Write out exactly, excluding pictures, the lines from the one containing "Crafted from high-quality" through the end of the data, both included.

============================================================

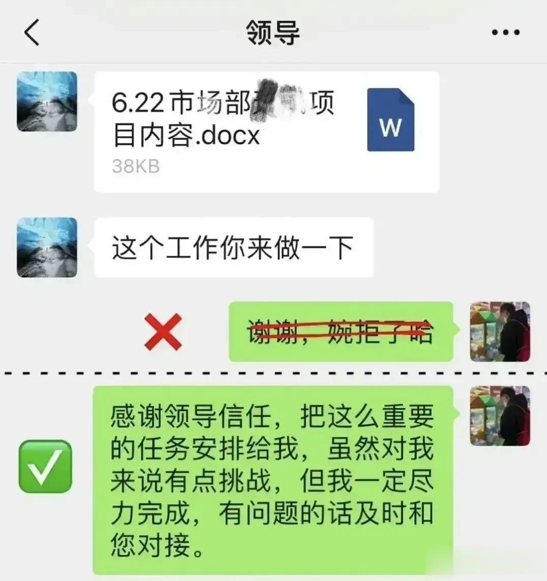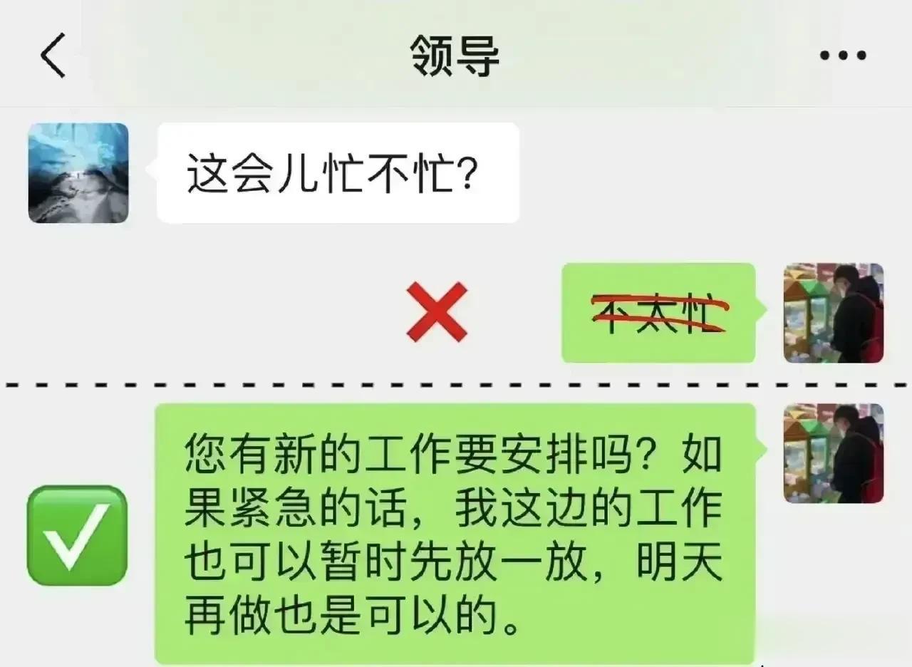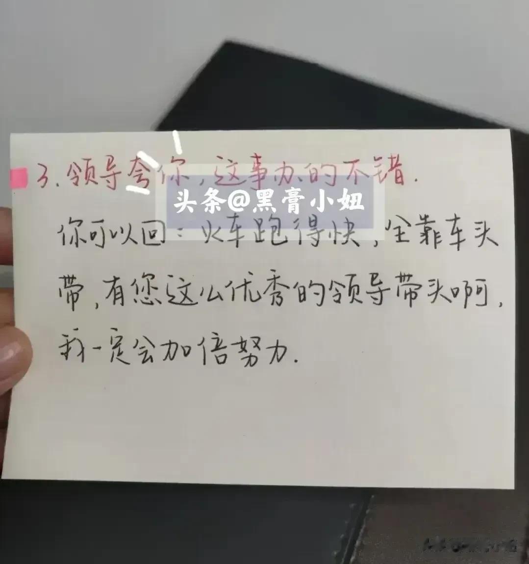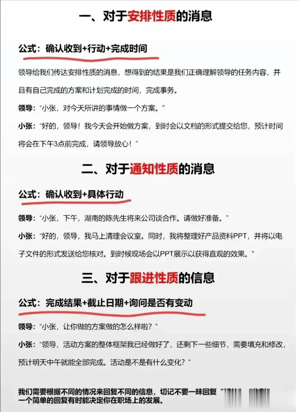 在工作上,千万别简单地回复领导“好的”“收到”的话术,那些混得好的职场高手都有回复领导的万能公式,总能深入老板的喜爱。比如对于安排性质的消息回复公式:确认收到+行动+完成时间。对于通知性质的消息回话公式:确认收到+具体行动。对于跟进性质的信息回话公式:完成结果+截止日期+询问是否有变动等等,会回话就是厉害,想升职加薪的,赶紧背下来! 总而言之,在回话时,借助公式来组织和表达我的思想。这些公式使得回答更加结构化、有条理,并且能够有效地传达我的观点和建议。 回话是一门技术,这对于想要晋升和加薪的人来说是非常重要的。只有把话说到领导心里,才能够得到他们的重视。更多技巧下方链接走起! 中国沟通智慧回话技术
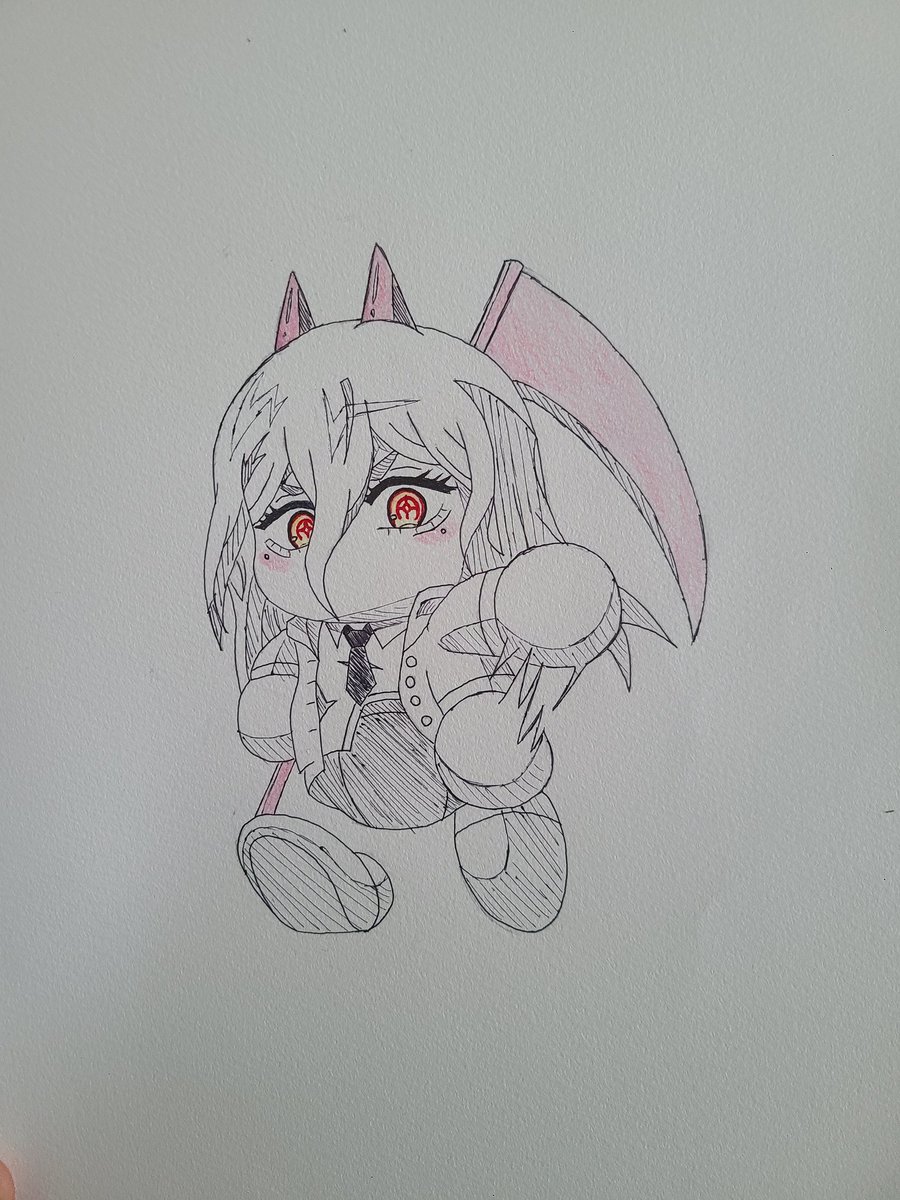 #イラスト #チェーンソーマン パワプロパワーちゃん。色は奇跡的にあった黄色鉛筆と赤鉛筆と赤ペンで塗った。このほんのちょっと塗っただけで飽きたけん多分色塗り向いてない笑
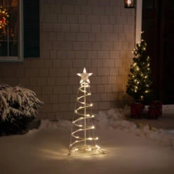 3ft LED Lighted Spiral Cone Tree Outdoor Christmas Decoration, Warm White Lights
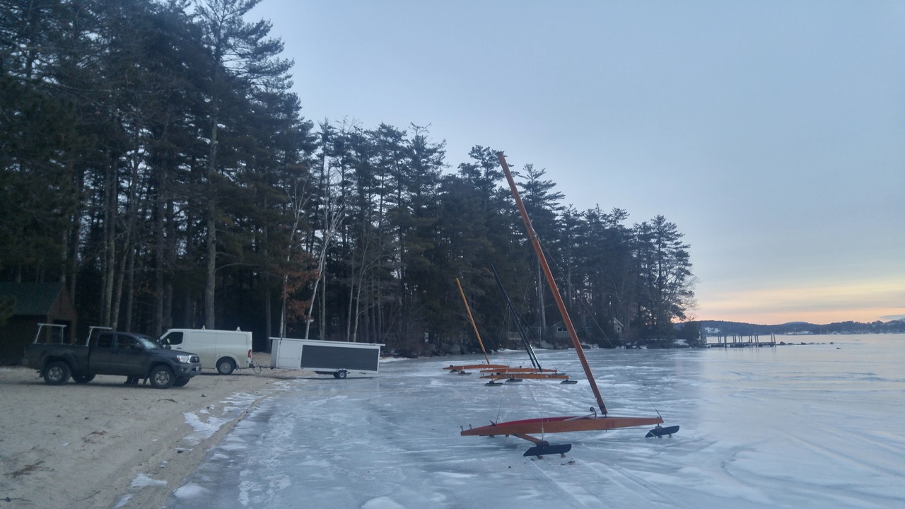 “There were 7 or 8 boats at a lovely private beach club out on Meredith Neck yesterday. Four boats made a fast trek halfway down the lake with the usual social stops in the lee of lovely islands. It was that go-fast go-far no worries kind of sailing. The lake is unusually monolithic this year. The shorelines are very stable. There was little transition from beach to lake; not even a bump. Few pressure ridges, very very few open spots, smooth thick ice. A paradise. We sailed in Meredith Bay until the wind died at sunset. 4 boats were left in the ice: local guys with a great sense of ice optimism as snow is in the forecast. I believe there will be much more sailing.”
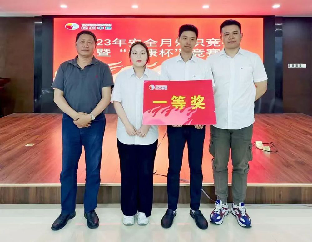 競(jìng)賽形式分為必答題、搶答題、風(fēng)險(xiǎn)題和互動(dòng)題等。競(jìng)賽內(nèi)容包括生產(chǎn)運(yùn)行、消防安全、職業(yè)健康等安全生產(chǎn)知識(shí)。經(jīng)過(guò)緊張激烈角逐,第三黨支部代表隊(duì)獲得一等獎(jiǎng)、第一黨支部代表隊(duì)獲得二等獎(jiǎng)、第五黨支部代表隊(duì)獲得三等獎(jiǎng)。
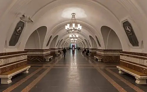 - ^ Информационная служба портала Стройкомплекса (2016-12-29). "Вестибюль станции метро "Фрунзенская" обрел исторический облик". stroi.mos.ru. Комплекс градостроительной политики и строительства города Москвы. Archived from the original on 2017-10-17. Retrieved 2017-04-04.
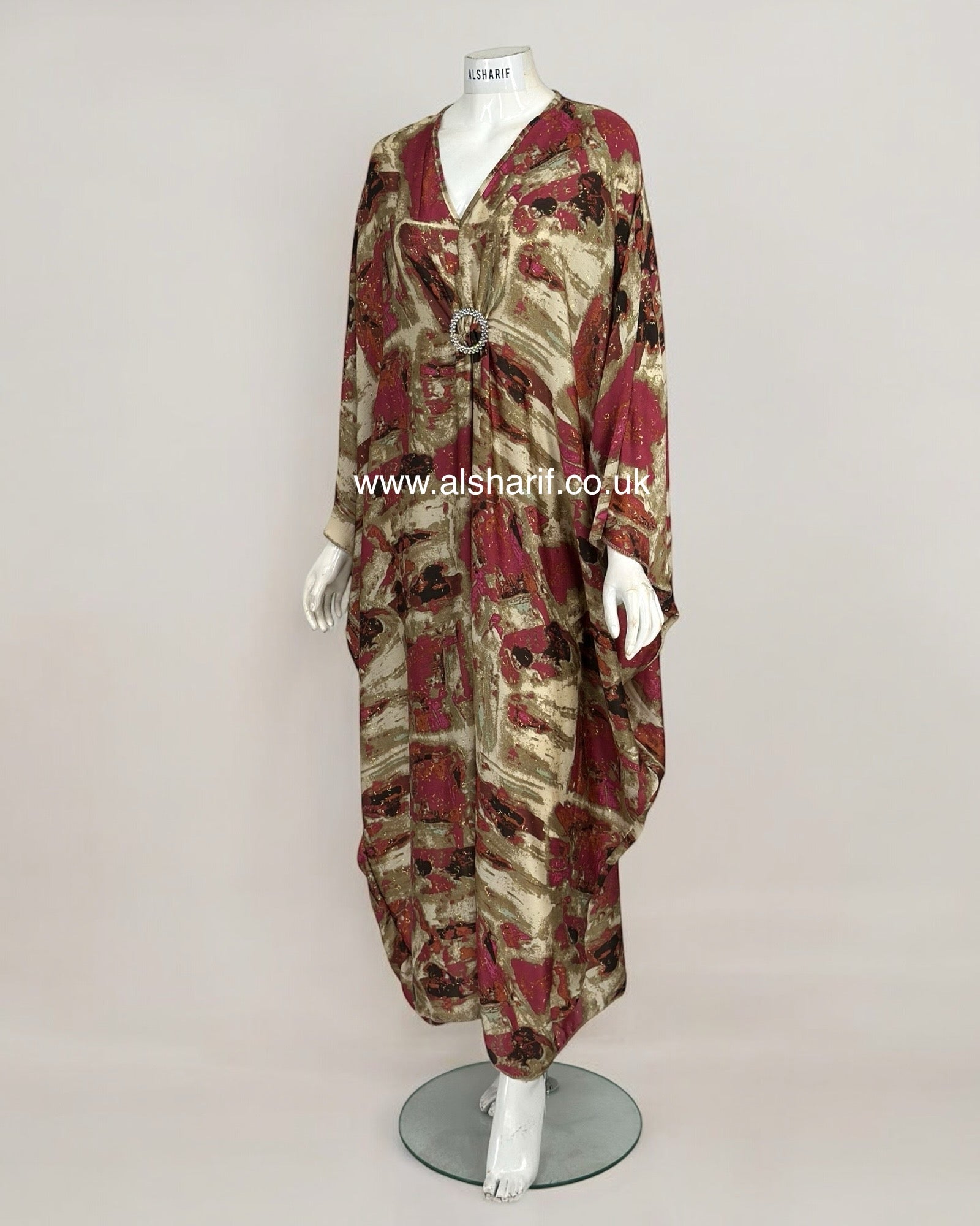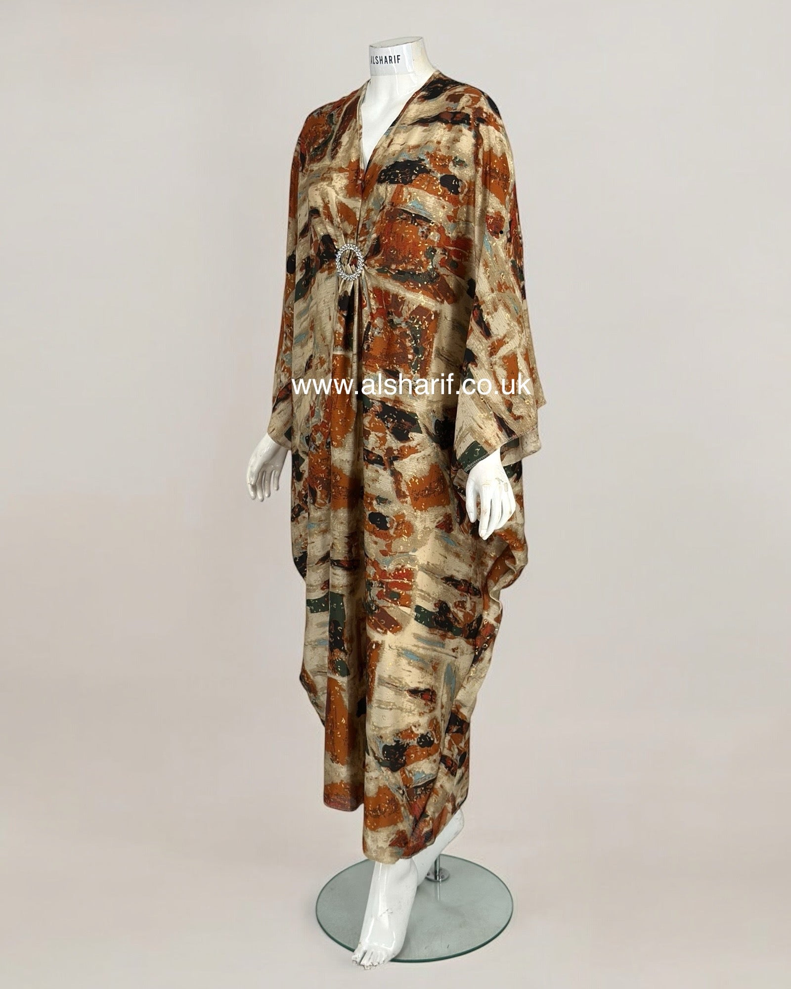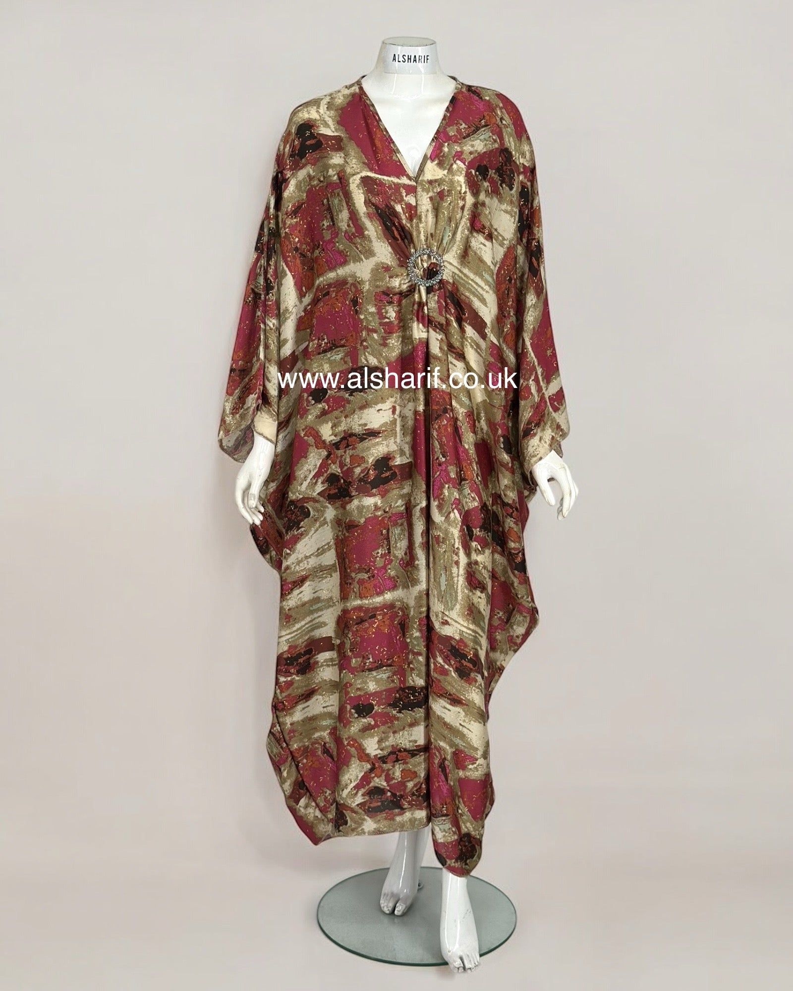 Crafted from high-quality silk-like fabric, the kaftan offers a soft, flowing silhouette that drapes gracefully on all body types. The design is enhanced by a statement brooch at the front, gathering the fabric just below the bust to create a flattering shape and a touch of sophistication.
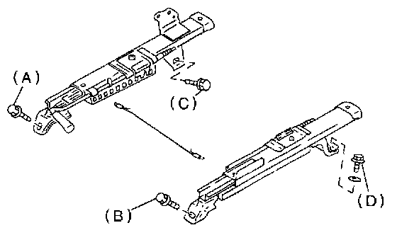 9. If any mechanism does not function properly, loosen bolts (C) and (D), slide seat as required, insert all lock plate pawls into holes in slide rail brackets, and tighten bolts (C) and (D) in that order.
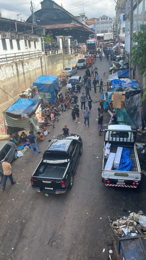 Policiais militares e civil atuam com o foco de prender traficantes e investigar a atuação de facções criminosas na região do bairro Centro, zona Sul de Manaus, onde usuários estavam criando uma “cracolândia”, em ruas em torno do Mercado Municipal Adolpho Lisboa.
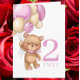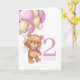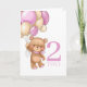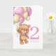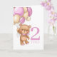 tarjeta de cumpleaños de osito de peluche con globos rosados
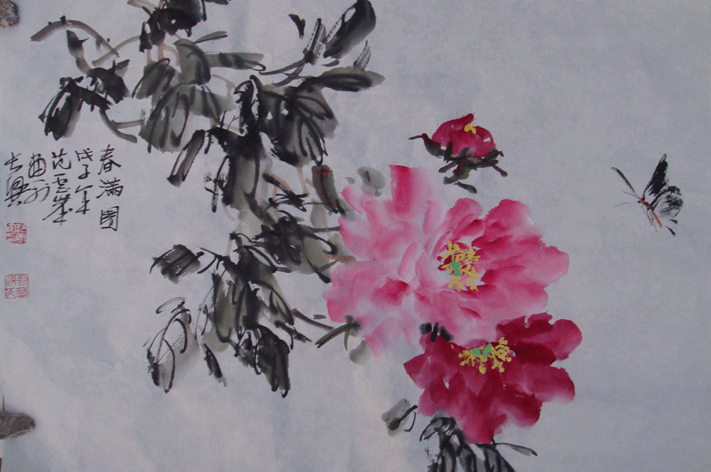 范云峰书画 作品:《春满园》 2008年6月,范云峰教授来到浙江长兴水口采风,入住紫笋庄园,感受乡野情趣。在这里完成多幅作品,《春满园》是其中之一。该幅作品中,牡丹花两朵怒放,一朵含苞,一只蝴蝶闻香而来。整个画面春意盎然,既有牡丹之富贵,又有春意之勃勃。 该幅作品被长兴友人收藏。 (本网评论员 陈廷玉)

============================================================

→ ANSWER BOX
 Crafted from high-quality silk-like fabric, the kaftan offers a soft, flowing silhouette that drapes gracefully on all body types. The design is enhanced by a statement brooch at the front, gathering the fabric just below the bust to create a flattering shape and a touch of sophistication.
 9. If any mechanism does not function properly, loosen bolts (C) and (D), slide seat as required, insert all lock plate pawls into holes in slide rail brackets, and tighten bolts (C) and (D) in that order.
 Policiais militares e civil atuam com o foco de prender traficantes e investigar a atuação de facções criminosas na região do bairro Centro, zona Sul de Manaus, onde usuários estavam criando uma “cracolândia”, em ruas em torno do Mercado Municipal Adolpho Lisboa.
 tarjeta de cumpleaños de osito de peluche con globos rosados
 范云峰书画 作品:《春满园》 2008年6月,范云峰教授来到浙江长兴水口采风,入住紫笋庄园,感受乡野情趣。在这里完成多幅作品,《春满园》是其中之一。该幅作品中,牡丹花两朵怒放,一朵含苞,一只蝴蝶闻香而来。整个画面春意盎然,既有牡丹之富贵,又有春意之勃勃。 该幅作品被长兴友人收藏。 (本网评论员 陈廷玉)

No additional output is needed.